Meu marido ficava totalmente atônito, aquelas atitudes eram completamente inesperadas, se fosse em seu tempo de criança por muito menos já tinha levado umas boas sovas, ele nunca havia visto seus pais tão avós em toda sua vida. Então diante daquele cenário só nos restou admitir que até seus pais, surpreendentemente, haviam entrado para o grupo dos avós estragadores de netos e que se isso aconteceu com eles, é porque deve ser verdade mesmo: mãe é mãe e vó é vó.


03/04/2018


Como sou desenrolada!

Algumas pessoas que passam pelas nossas vidas nos marcam, por características positivas ou negativas, dessa última prefiro não lembrar e apenas tomar como lição o que não deve ser feito. Mas por outro lado, quando deixam marcas por aquilo que elas têm de melhor, acredito que cumprem sua missão nesta vida, que é o dever de todos nós, mas que nem sempre conseguimos e alguns na verdade, nem tentam.

Tive a alegria de conviver com uma colega de trabalho que dentro da sua simplicidade de vida e despretensão de chamar atenção sobre si, deixou um grande exemplo. Digo deixou porque ao completar seu tempo de trabalho aposentou-se, porém continuou trabalhando até que decidiu que era momento de encerrar esse ciclo de sua vida. Apesar de termos convivido poucos anos, foram suficientes para testemunhar as suas várias facetas. Uma colega que, mesmo estando inserida na faixa etária dos idosos e sendo chamada de “velhinha” por alguns contemporâneos de profissão, nada tinha de velho em seu espírito, na sua disposição ou na sua lucidez para o trabalho de raciocínio, na sua função de desenvolvedora. Além disso, era dotada de um bom humor, que tornava a nossa rotina laboral mais leve e nos proporcionava momentos de descontração.

Este foi um período que vivenciamos muitas histórias divertidas, e dentre tantas que se sucederam houve uma que além de nos render boas risadas, criou um jargão que se manteve por um bom tempo no linguajar dos bons de brincadeira.
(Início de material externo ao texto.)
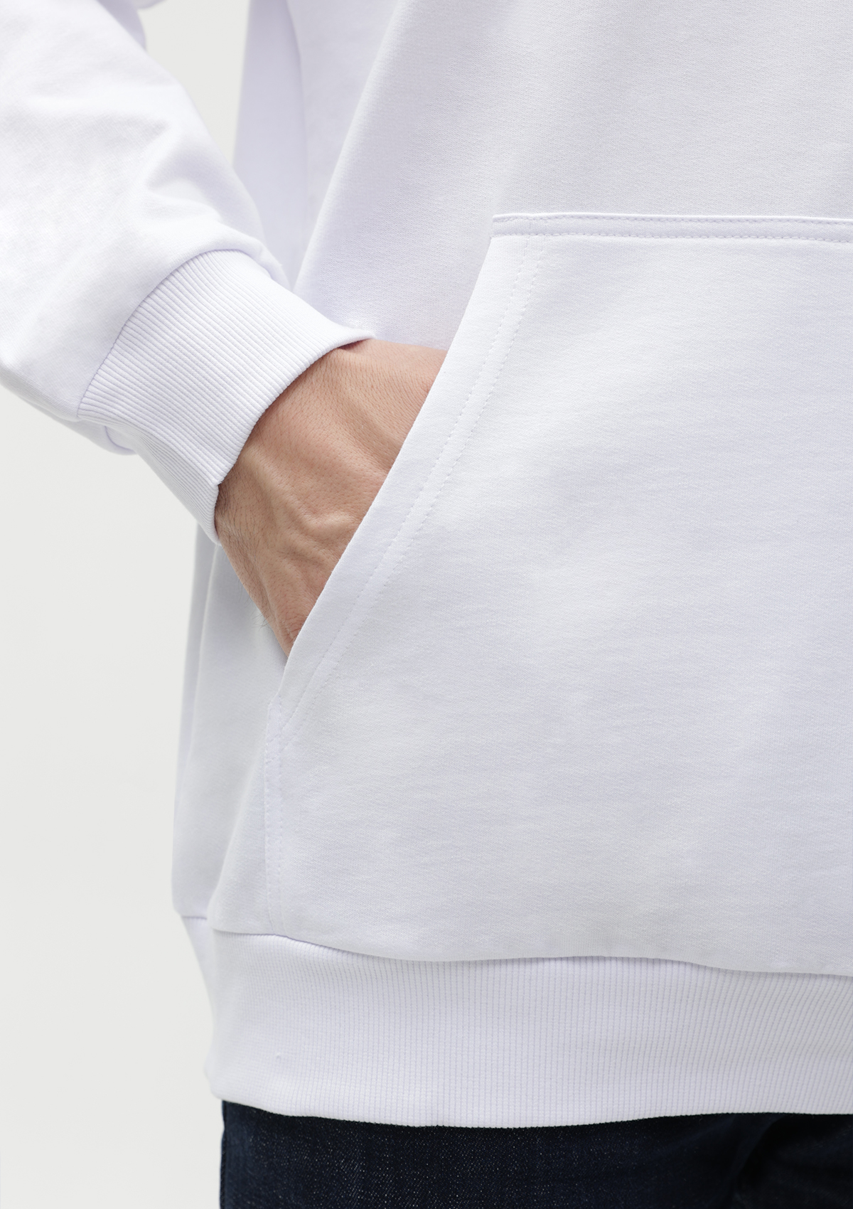 Толстовка без начеса выполнена из мягкого футера (100% хлопок), подклад – кулирная гладь (100% хлопок). Оба материала устойчивы к механическому воздействию и вытяжению, практически не поддаются пилингу.

Na época, havia dois integrantes da minha equipe que eram os alvos das brincadeiras de nossa amiga “idosa” e vice versa e ao mesmo tempo, seus consultores para assuntos de Tablet e Celular. Sim, porque além de tudo, ela gostava de manter-se atualizada no uso dos aparelhos de tecnologia mobile, sempre comprando versões mais modernas deste tipo de aparelho e se garantindo na utilização dos aplicativos.

Então certa vez, ela pediu para um dos seus “consultores” orientação sobre a instalação e uso do aplicativo bancário que precisava para facilitar suas operações financeiras, e deu-se o seguinte fato: ela instalou o programa e foi até a agência bancária para solicitar um determinado serviço, que ela não sabia estar contido no aplicativo instalado em seu celular. Ao chegar na agência a funcionária deu uma pequena explicação sobre como utilizar o serviço via mobile, prontamente ela executou os passos descritos pela funcionária do banco, finalizando a operação com sucesso resolvendo de forma breve a questão. Só que ao comunicar à atendente sobre o seu feito, ela não esperava que a mesma fosse soltar tamanho elogio: “nossa! Como a senhora é desenrolada!”, o que a deixou toda orgulhosa e matreira.

Depois disso, apressou-se em voltar à empresa. Chegando lá procurou seus amigos “consultores” esboçando um riso suspeito que lhe era peculiar em determinadas situações. E sem delongas foi logo contando a sua proeza, arrematando a história com a seguinte conclusão: “viram como sou desenroladinha!” E soltou uma bela risada, daquelas que costumava dar quando estava a fim de zoar os colegas que tinham praticamente idade de ser seus netos. A partir dali sua frase bem humorada foi automaticamente incorporado às piadas internas do grupo.